Dataset: Begin
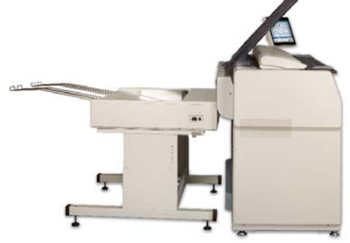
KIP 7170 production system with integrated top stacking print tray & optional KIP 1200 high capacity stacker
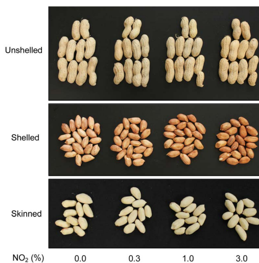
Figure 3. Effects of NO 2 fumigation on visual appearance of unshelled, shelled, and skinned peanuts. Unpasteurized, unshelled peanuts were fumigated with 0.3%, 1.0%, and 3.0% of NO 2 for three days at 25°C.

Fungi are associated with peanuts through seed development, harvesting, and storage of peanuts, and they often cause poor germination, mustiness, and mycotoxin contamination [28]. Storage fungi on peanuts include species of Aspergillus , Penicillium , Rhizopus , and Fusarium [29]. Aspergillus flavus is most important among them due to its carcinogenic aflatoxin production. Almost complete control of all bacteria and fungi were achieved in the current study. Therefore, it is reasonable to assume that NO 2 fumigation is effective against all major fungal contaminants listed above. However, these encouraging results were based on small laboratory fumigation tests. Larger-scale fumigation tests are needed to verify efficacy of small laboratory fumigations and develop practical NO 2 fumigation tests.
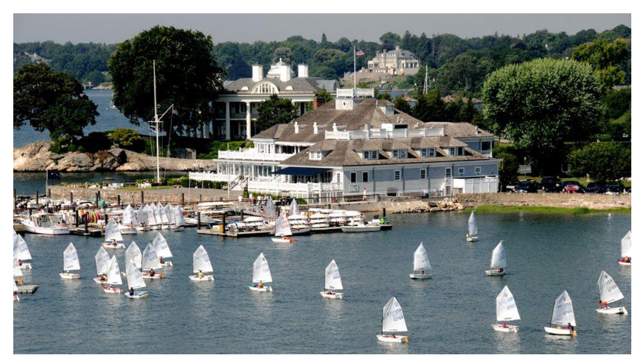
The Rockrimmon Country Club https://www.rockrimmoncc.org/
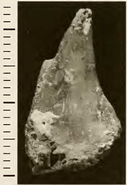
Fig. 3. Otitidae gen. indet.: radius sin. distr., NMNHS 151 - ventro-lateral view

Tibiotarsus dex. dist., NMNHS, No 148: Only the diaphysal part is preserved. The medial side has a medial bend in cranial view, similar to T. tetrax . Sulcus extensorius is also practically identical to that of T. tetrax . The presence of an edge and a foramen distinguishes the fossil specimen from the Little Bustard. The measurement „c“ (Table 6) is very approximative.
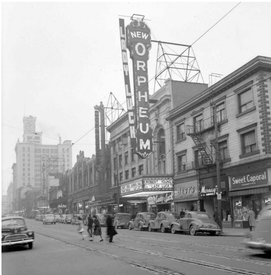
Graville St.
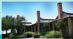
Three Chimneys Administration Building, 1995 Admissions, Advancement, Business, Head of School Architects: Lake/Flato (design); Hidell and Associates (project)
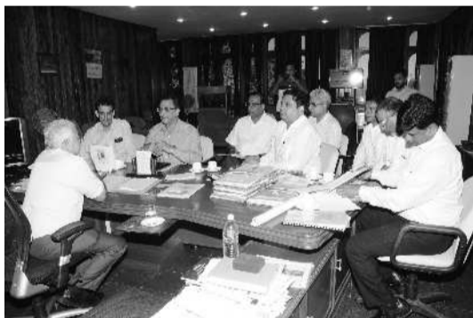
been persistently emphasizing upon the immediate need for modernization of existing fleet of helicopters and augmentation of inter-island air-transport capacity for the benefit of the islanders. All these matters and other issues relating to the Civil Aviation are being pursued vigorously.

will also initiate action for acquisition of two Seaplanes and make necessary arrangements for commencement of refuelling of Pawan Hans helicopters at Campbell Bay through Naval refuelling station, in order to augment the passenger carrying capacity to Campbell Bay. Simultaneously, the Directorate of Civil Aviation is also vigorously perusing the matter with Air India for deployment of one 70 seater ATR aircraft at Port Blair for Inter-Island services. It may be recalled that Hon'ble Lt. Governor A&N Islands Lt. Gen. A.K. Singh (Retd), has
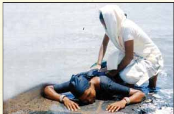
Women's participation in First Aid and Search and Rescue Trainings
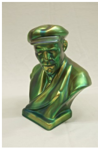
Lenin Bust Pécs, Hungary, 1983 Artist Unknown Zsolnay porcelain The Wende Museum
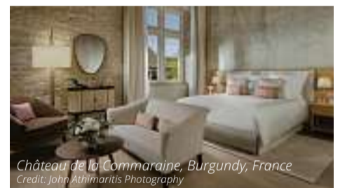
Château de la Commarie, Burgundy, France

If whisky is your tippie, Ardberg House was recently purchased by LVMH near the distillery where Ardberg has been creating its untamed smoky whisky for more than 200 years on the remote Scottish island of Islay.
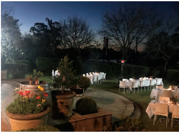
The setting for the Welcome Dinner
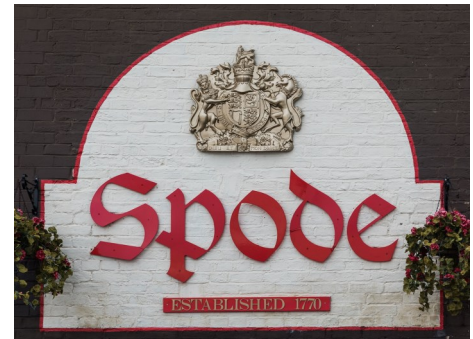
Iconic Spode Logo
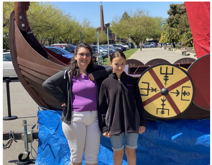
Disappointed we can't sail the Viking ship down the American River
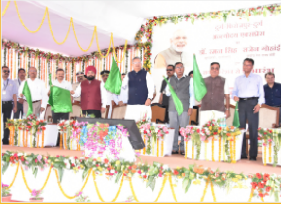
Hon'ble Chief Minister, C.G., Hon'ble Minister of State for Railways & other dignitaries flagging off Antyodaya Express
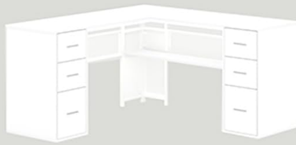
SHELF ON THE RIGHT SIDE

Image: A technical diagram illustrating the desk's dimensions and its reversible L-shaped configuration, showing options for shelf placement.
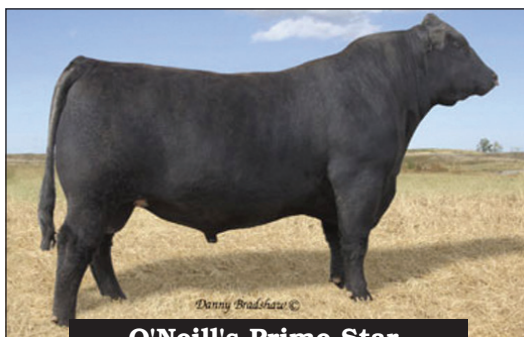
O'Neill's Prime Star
Dataset: End
Dataset: Begin
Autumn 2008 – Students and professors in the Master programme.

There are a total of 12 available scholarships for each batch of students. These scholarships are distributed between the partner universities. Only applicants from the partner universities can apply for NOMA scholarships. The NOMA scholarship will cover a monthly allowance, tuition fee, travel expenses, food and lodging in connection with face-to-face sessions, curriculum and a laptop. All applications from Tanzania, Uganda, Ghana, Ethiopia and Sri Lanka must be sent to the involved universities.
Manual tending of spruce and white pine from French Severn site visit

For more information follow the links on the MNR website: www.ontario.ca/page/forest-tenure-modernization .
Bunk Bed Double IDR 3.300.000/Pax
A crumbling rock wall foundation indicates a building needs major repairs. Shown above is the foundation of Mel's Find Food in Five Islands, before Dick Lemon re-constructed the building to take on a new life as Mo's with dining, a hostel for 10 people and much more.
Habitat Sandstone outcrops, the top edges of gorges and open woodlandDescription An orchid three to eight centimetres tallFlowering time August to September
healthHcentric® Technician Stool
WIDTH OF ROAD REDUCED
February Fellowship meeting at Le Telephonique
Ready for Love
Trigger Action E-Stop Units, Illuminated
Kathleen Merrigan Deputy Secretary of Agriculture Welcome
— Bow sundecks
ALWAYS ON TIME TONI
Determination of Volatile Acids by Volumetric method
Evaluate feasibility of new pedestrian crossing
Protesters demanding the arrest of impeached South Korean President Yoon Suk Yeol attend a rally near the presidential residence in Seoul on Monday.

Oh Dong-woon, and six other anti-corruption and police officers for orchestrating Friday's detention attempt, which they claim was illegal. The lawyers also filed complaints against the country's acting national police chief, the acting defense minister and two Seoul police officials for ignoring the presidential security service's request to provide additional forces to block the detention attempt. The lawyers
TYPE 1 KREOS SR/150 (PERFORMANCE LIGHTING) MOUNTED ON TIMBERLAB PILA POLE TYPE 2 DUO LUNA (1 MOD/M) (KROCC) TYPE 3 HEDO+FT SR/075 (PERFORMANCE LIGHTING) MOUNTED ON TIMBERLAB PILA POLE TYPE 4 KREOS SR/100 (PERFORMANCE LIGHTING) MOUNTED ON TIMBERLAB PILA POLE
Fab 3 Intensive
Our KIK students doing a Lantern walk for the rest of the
Dataset: End
Dataset: Begin
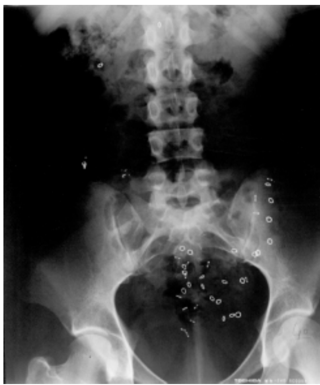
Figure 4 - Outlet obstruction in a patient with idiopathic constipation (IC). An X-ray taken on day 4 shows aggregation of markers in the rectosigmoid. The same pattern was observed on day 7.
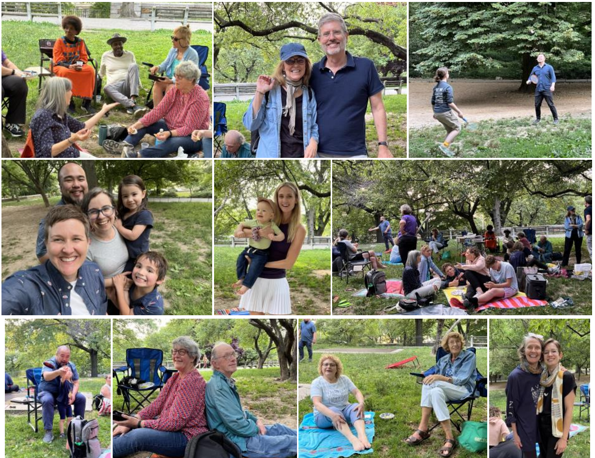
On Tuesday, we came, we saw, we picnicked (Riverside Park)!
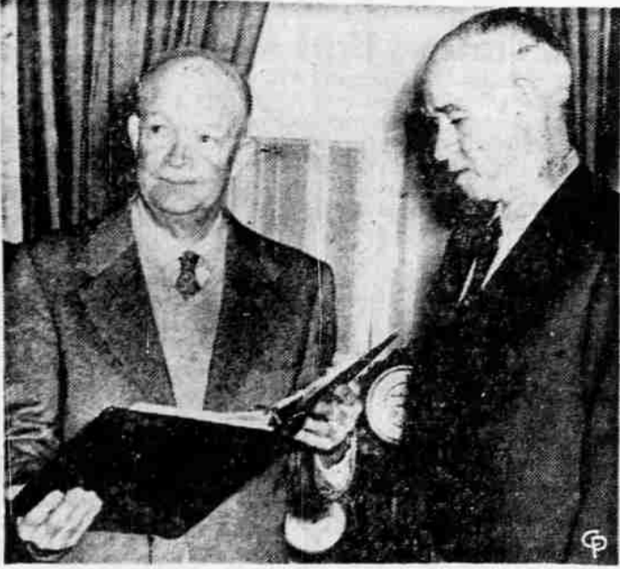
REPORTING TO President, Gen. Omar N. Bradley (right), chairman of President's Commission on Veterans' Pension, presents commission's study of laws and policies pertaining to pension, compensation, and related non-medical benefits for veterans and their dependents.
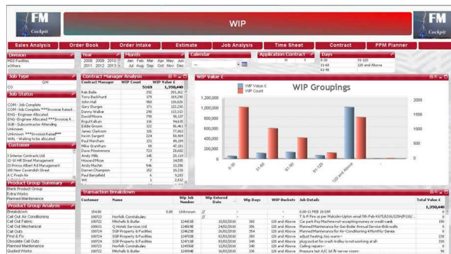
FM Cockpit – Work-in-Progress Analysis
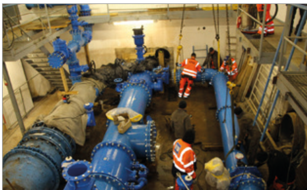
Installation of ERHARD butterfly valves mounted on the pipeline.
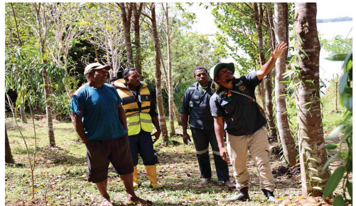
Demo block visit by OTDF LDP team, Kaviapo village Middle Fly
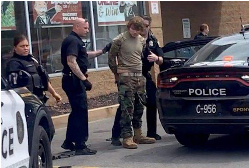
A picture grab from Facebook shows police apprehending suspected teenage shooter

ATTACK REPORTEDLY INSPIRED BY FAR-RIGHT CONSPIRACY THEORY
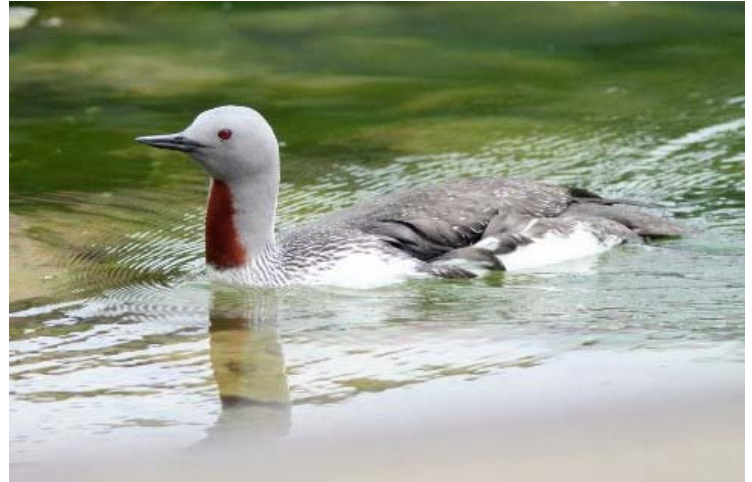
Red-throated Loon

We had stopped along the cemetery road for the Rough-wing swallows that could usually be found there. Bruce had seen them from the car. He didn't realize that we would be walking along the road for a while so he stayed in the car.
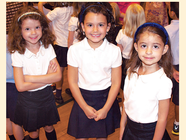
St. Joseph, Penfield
Dataset: End
## Task brief
Excluding any pictures, print exactly the lines of the listing above from the line with "Figure 4 - Outlet" to the line with "On Tuesday, we", both ends included.

## Answer to this task
Figure 4 - Outlet obstruction in a patient with idiopathic constipation (IC). An X-ray taken on day 4 shows aggregation of markers in the rectosigmoid. The same pattern was observed on day 7.
On Tuesday, we came, we saw, we picnicked (Riverside Park)!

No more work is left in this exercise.